If the income was so payable to Mr. Clarke, the assistant minister at that time, it must have been in consequence of an agreement made between him and the society, to receive said income as part of his regular stipend. There is nothing in the original instrument, or in the act of incorporation, which establishes such trust, or makes the assistant minister for the time being cestui que trust, independently of the agreement under which he is so settled as assistant minister. The original instrument of donation makes it a perpetual fund, as before stated, for supporting, &c., and towards the close is this clause, “ as to the particular mode of improving the aforesaid donation in the best manner, for answering the design of it, we submit it to the present minister, wardens, and vestry to form such rules, &c. for managing the same, and rendering it effective and permanent.”

Possibly it may be argued that the term “ improving ” may be used in a restricted sense, and confined to investing, increasing, and bettering the fund. But we are inclined to believe that the term, as used at that period, was used in a larger sense, as, to use, occupy, and appropriate, limiting it, if used in that sense in the present case, to the means; the end being designated with sufficient precision. But if used in the sense only of investing and safely preserving the fund, there is no des[58]*58ignation of any mode, in which the income is to be applied, to advance the object contemplated, but it is left to the trustees to adopt such means as they may see convenient and necessary, for managing the same and rendering it effectual and permanent. That the trustees did not feel themselves charged with a special, trust, to pay the annual income to any assistant minister, is manifest from the fact that during considerable periods they had no assistant minister, and for one period of twenty years next before the incorporation, from 1804, when Dr. Gardiner ceased to be assistant and became rector, there was no assistant, and the interest was annually added to the principal. Nor is there anything in the act of incorporation which makes them trustees for any assistant minister personally. The act, after reciting that a fund had been given in trust, as a fund for the support of an assistant minister, and the minister, wardens, and vestry had petitioned to be incorporated as trustees for the due management of said fund, and vest them with the powers necessary to cany into effect the pious purpose of the donors, then proceeds to incorporate them with the usual powers. They are authorized to choose a president, clerk, and treasurer. Among other powers, they are specially authorized to add the annual interest to the principal, and place the whole at interest.
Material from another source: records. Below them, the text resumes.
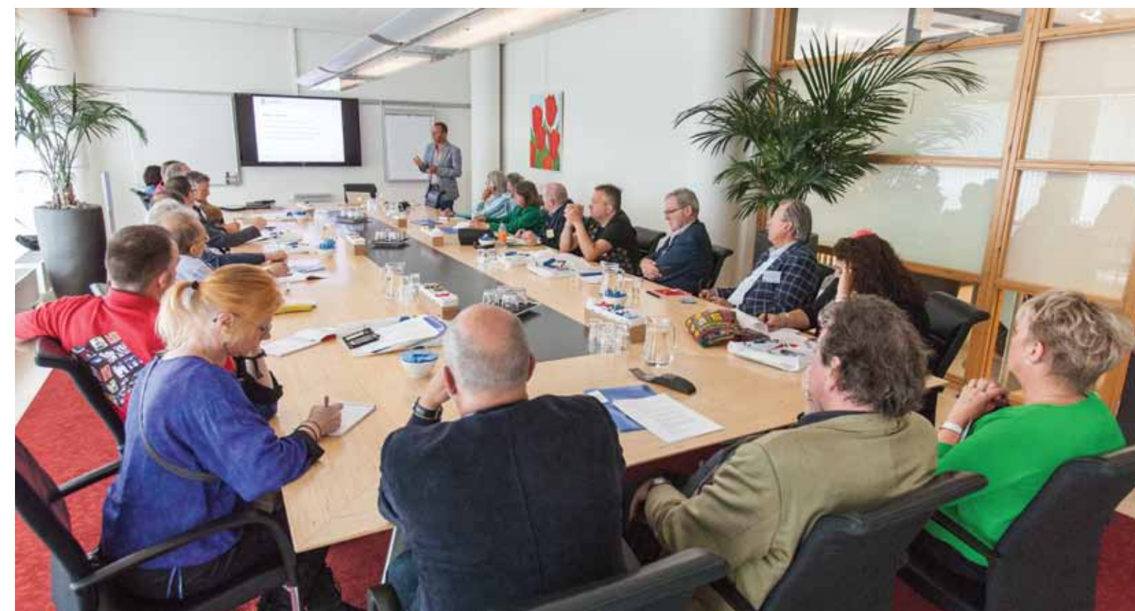
De gemeenschappen hebben voor een deel dezelfde vragen, zoals hoe breng ik mijn traditie in de klas en hoe interesseer ik de pers.

In verschillende workshop sessies werden de verschillende thema's uitgewerkt door enkele experts. In de werkgroep over publiciteit ging het over het benaderen van de pers, die altijd in is voor een interessant verhaal, maar dan moet
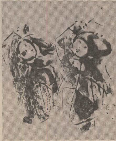
Desene de Constantin Baciu
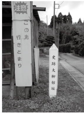
▲大柳館跡の標柱 (睦沢町北山田 235 付近)

一宮町において、上総千葉氏の痕跡は残念ながら確認できていません。しかしながら、上総氏の地盤を引き継いでいる点、本拠地が大柳館であった点を考えると、上総国一之宮である玉前神社の所在する地域は、上総千葉氏にとって重要な場所であったといえます。
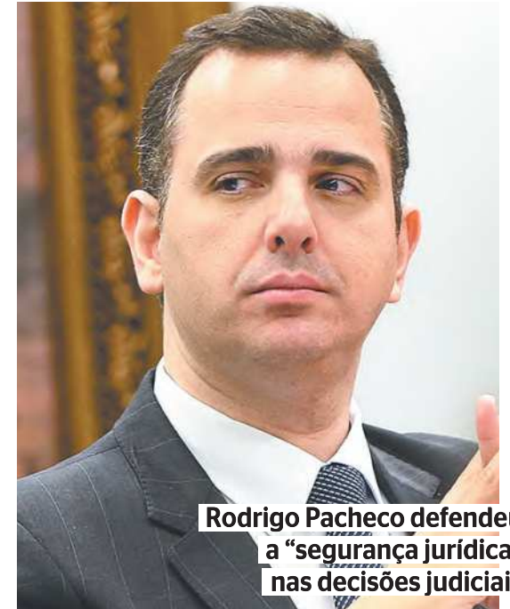
Rodrigo Pacheco defendeu a “segurança jurídica” nas decisões judiciais
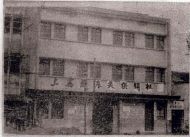
▷东关供销合作社办公楼
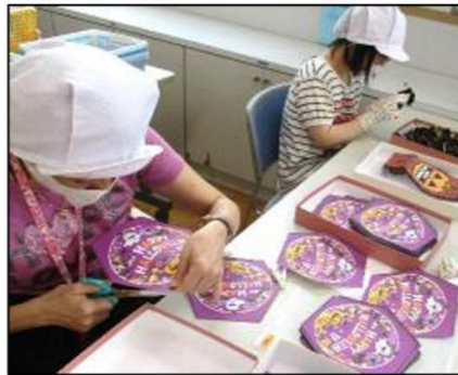
焼き菓子ギフトのラッピング作成
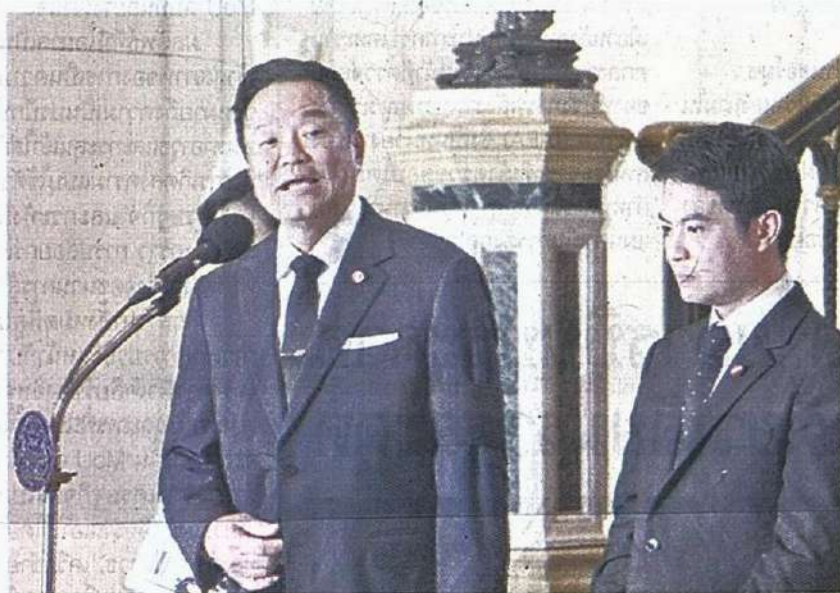
อนุทิน ชาญวีรกูล นายกรัฐมนตรี

ทั้งนี้ สำนักงานสภาพัฒนาการเศรษฐกิจและสังคมแห่งชาติ (สศช.) ประเมินว่า เศรษฐกิจไทยปี 2570 มีแนวโน้มขยายตัว ร้อยละ 1.7-2.7 ตามการฟื้นตัวดีขึ้นของเศรษฐกิจและการค้าโลก จะช่วยสนับสนุนการขยายตัวของภาคการส่งออกสินค้าและบริการ ขณะที่อุปสงค์ภายในประเทศ ทั้งการบริโภคและการลงทุนภาคเอกชนขยายตัวอย่างต่อเนื่อง รวมถึงแรงสนับสนุนจากการใช้จ่ายภาครัฐและงบประมาณภายใต้ พ.ร.ก.ให้อำนาจกระทรวงการคลั่งกู้เงินเพื่อแก้ไขปัญหาผลกระทบจากสถานการณ์วิกฤตด้านพลังงาน และสร้างการเปลี่ยนผ่านด้านพลังงานของประเทศ พ.ศ.2569

These circumstances distinguish the case from those in which property is given in special trust to pay the income to any person in particular, or to the life of any person, or to accumulate for any particular person designated, in which eases the cestui que trust is made taxable. It has all the characteristics of a ministerial fund in the ordinary sense of that word. Treating this corporation as one established to hold and apply a fund for the support of a minister in an Episcopal Society, is such fund in the hands of such corporation by law liable to taxation ?
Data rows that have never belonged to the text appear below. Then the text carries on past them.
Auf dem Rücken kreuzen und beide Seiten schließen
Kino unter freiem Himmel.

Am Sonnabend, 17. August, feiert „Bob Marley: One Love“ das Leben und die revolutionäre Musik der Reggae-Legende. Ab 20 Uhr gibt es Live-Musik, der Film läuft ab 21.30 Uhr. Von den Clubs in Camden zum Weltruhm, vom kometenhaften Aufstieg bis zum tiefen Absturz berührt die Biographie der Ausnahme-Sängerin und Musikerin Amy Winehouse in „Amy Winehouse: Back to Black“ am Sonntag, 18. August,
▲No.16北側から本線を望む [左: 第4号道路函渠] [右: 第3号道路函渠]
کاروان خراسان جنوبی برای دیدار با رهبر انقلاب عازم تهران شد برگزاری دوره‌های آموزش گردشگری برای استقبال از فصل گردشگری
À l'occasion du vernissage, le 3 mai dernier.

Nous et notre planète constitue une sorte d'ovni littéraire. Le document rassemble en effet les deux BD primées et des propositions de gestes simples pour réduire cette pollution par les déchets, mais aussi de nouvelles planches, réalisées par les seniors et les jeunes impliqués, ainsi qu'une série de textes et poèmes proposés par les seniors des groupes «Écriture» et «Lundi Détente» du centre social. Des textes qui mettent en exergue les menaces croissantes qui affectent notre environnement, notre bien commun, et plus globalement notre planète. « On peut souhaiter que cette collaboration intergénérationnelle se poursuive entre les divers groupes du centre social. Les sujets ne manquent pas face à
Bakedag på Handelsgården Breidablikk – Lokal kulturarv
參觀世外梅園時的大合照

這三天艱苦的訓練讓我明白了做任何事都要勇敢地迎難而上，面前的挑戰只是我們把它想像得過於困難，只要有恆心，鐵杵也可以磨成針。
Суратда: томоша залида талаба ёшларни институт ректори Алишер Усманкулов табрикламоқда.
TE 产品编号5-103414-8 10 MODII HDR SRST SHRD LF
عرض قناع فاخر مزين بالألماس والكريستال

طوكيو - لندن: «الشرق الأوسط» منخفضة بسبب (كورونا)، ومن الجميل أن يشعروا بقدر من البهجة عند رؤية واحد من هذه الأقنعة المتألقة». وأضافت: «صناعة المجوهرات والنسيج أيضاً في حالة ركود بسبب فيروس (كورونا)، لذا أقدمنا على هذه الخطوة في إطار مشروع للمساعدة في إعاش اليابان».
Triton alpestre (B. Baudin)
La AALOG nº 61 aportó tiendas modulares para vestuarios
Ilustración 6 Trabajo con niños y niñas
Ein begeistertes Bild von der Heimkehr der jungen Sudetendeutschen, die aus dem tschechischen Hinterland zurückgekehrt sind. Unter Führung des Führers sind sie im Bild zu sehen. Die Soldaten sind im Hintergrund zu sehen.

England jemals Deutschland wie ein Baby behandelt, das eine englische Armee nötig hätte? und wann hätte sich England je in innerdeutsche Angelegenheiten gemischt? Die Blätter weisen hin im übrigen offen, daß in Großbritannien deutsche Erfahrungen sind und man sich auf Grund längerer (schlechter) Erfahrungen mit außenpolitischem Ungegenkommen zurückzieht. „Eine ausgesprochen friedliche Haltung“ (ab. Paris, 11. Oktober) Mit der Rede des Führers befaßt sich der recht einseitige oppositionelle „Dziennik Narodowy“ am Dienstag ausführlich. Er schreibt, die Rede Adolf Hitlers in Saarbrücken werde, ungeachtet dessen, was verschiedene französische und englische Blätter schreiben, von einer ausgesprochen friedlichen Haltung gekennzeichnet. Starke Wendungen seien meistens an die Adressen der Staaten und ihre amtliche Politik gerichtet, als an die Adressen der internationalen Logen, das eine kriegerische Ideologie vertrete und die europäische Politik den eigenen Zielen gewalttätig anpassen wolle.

It was intimated in the argument, that this fund is specially exempted by law as the property of a charitable institution. If this were a new and original question, depending only on the nature of the institution, there would be much plausibility, not to say force, in the argument. But the revised statutes [59]*59expressly recognize the liability of a ministerial fund to taxation, and merely regulate the mode, when it is held in a particular way.